On top of that, and this brings us to this week’s paper, incentives play a huge role in the production of research. The author explains how most of the academic system incentivizes to produce as many publications as possible. Journals come with impact factors and are more interested in papers with “positive results” that support plausible hypotheses. Junior researchers need publications to get promotions and a higher salary. And analysts within banks or asset managers should come up with interesting insights or strategies for their clients. Given these factors, some healthy skepticism about research results is definitely useful. As Warren Buffett once said, “Don’t ask the barber whether you need a haircut.”
Data and Methodology
The paper is a qualitative overview about some potential problems with asset management research. There are no original analysis so there is no dedicated Data and Methodology to present at this point.
Important Results and Takeaways
Some concerning facts about finance research
The author starts with a few interesting facts about finance research that should at least raise our attention. As you may recognize from my posts, I am always a bit skeptical and require thorough tests, but the following charts strengthened this view even further.
Figure 1 shows that a staggering 90% of Economics & Business papers (sixth row from the bottom) “support” their hypothesis. Figure 2 shows a specific example for this. Until December 2018, the literature came up with more than 400 factors that apparently predict stock returns.1Always remember that I am not better than the rest. I also produced a master thesis that replicates one of those 400 factors. But I am gradually learning and improving… We all know that stock markets are quite efficient and it is difficult to beat them. So how can those results be true?
First, things aren’t as bad as displayed here. The “factor zoo” is a bit messy but many of the 400 factors are just different ways of measuring the same major patterns. There is a broad consensus about a handful of robust factors (remember all the out-of-sample tests…) that drive asset prices. However, there is not necessarily a consensus about how to measure them (and there will probably never be). Against this background, it is not too surprising that researchers always come up with new incremental innovations of the same thing as it is an easy way to publish a paper. So the good news are that the >400 factors are most likely not only false positives. The bad news are that most of them are not very relevant either.
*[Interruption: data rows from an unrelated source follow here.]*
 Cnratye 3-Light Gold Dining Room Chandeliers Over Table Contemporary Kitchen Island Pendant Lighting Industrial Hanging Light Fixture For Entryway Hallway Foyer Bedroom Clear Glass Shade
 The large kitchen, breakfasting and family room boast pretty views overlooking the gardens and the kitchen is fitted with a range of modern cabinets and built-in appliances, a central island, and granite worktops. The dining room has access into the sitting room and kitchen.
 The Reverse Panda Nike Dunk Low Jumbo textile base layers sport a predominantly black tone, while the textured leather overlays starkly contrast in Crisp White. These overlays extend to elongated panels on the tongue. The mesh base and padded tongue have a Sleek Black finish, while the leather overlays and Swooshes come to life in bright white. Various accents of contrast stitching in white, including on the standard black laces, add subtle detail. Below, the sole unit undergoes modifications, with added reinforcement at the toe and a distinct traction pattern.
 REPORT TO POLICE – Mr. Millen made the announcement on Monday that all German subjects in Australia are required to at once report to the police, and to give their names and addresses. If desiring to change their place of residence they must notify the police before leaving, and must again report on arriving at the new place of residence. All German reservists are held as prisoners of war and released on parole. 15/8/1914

Even though the “factor zoo” is probably less of a problem than it seems from this chart, the concerns of the author are very real. We don’t have the luxury of fixed natural laws and experiments in empirical finance, so we need to be very careful with the data and avoid bad habits wherever possible. Figure 4 shows that many researchers apparently don’t take this serious enough. The chart shows cumulative excess returns of ETFs after their inception date. Excess returns are positive for the 36 months before inception but virtually flat for the 36 months thereafter. This is obviously not satisfying and probably the result of a combination between wrong incentives and other biases that may enter the research process.
Research incentives and multiple testing
As I mentioned in the introduction, most academic and practitioner departments reward publication output. It is difficult to tell your manager that you have tested 127 trading strategies but none of them reliably worked even though it might be the intellectually honest answer. Similarly, you can hardly apply for a professor position and say you haven’t written a paper yet but you had 127 rejected ideas. Such setups inevitably lead to some biases that enter the research process. The author provides various examples for bad habits and I will summarize the most important ones below.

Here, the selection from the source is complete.